The Fed interest rate was recently set at a quarter percent for 7 years until 2015. This is a long stretch that was the result of the bursting subprime mortgage bubble. It is, however, far from the longest stretch historically in the world.
Modern banking was first seen in Britain, with banknotes coming into existence in 1695 via the Bank of England. They copied practices, such as the fractional reserve system from Holland, and added their own touches like the aforementioned banknotes.
The Bank of England also set the first national interest rate at six percent. It is surprising by modern standards that it took a long time before interest rates came to change with the economy and the country’s circumstances. The rate moved from 6 to a few lower values over the next 20 years. In March 1719, they raised the rate from 4% to 5%.
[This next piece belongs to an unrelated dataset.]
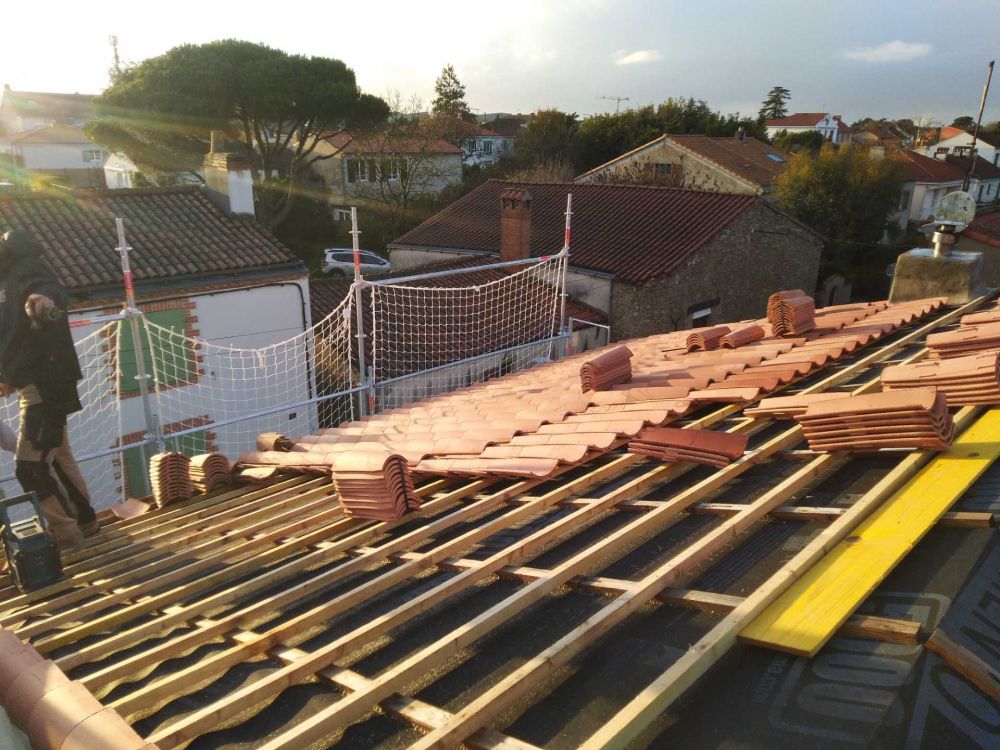 Dans le cadre d’une réhabilitation urbaine, notre équipe a réalisé d'importants travaux de toiture en plein centre-ville. L'intervention a consisté en la dépose et le remplacement de la couverture, suivis d'une mise en conformité de la zinguerie sur les zones critiques. Ce travail de précision sur les chéneaux et les noues permet de renforcer l'étanchéité globale de la toiture tout en respectant les contraintes esthétiques et architecturales du secteur.

Britain was doing well for itself. The next major moment was the 7 years war, where Britain and their allies fought the French and their allies. Britain prevailed in 1763 and took ownership of Canada. Throughout this, the interest rate remained steady at 5%.
After this, Britain was in many conflicts with the French in the period from 1790 to 1815. This period even includes an embargo by Napoleon against the Brits. You guessed it, 5%.
Finally, in May 1822, the interest rate in Britain changed after 103 years. The period of over a century of the same rate was not paired with a similarly epic change. It went from 5% to 4%. It was from here that the rate started changing more often.